To some, it seems that Section 230 allows the politically motivated censoring of Twitter users. In reality, Twitter retains the First Amendment right to control what kinds of political messages it wishes to be associated with, with or without Section 230. The question is not, “Does Twitter have the right to get rid of political content with which it disagrees?” The answer is certainly yes, even if we might call such a move unwise or unconducive to the fostering of open debate.
Rather, the question is, “Would we prefer an internet with no user content at all?”
“Revoking” Section 230 would not result in a more open internet. Instead, the opposite outcome would result. Likewise, it would not be a step toward greater First Amendment protection but rather greater censorship of speech.
Regardless of your political beliefs, it should be concerning to every American that lawmakers are acting like the First Amendment’s guarantee of free association is a reward for political impartiality.
Removing liability protections for internet platforms is a dangerous move in itself, but conditioning them upon a provider’s treatment of political speech is constitutionally (and practically) unenforceable. Twitter has the right to freely associate, and that is a right independent of Section 230. No one, especially the government, has a First Amendment right to the unconstrained use of a private company’s service.

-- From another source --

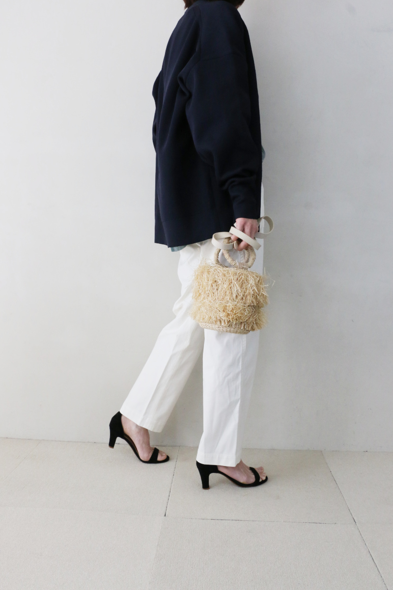 今回は仕上げに、春夏らしいカゴバッグや華奢なサンダルを添えて、季節感をプラス。ネイビーとホワイトのコントラストを活かしながら、異素材を重ねることで単調にならない着こなしもお勧めです。自分らしいニュアンスを大切にする、こなれ感のある大人の組み合わせを。

Stripping Section 230’s protections from internet companies may drive them to stop fact-checking President Trump’s tweets and cease favoring some political messages over others, but if doing so trades companies’ actual First Amendment interests for our fictional ones, can we really call it a win for liberty and freedom of speech and association? If no liability protections mean more moderation and less user speech, political or otherwise, are we really championing open discourse?
Scrapping Section 230 would not solve a First Amendment violation, but if its replacement is not carefully drafted, it could surely produce one. And it would likely be disastrous for the future of political speech on the internet.